= Beginning of Section =

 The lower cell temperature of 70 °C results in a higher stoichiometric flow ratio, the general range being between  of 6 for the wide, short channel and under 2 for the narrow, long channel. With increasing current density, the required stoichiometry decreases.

= End of Section =
= Beginning of Section =

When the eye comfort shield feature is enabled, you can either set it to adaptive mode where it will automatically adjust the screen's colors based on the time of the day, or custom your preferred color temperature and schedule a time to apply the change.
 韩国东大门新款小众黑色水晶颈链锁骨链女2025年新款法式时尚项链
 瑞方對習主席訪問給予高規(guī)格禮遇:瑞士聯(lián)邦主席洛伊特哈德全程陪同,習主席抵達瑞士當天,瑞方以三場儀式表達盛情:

= End of Section =

• _Required action_
Give back precisely the lines above that start at the line containing "When the eye" and end at the line containing "瑞方對習主席訪問給予高規(g", inclusive. No other lines belong in the output.

• _Response to the task_
When the eye comfort shield feature is enabled, you can either set it to adaptive mode where it will automatically adjust the screen's colors based on the time of the day, or custom your preferred color temperature and schedule a time to apply the change.
 韩国东大门新款小众黑色水晶颈链锁骨链女2025年新款法式时尚项链
 瑞方對習主席訪問給予高規(guī)格禮遇:瑞士聯(lián)邦主席洛伊特哈德全程陪同,習主席抵達瑞士當天,瑞方以三場儀式表達盛情:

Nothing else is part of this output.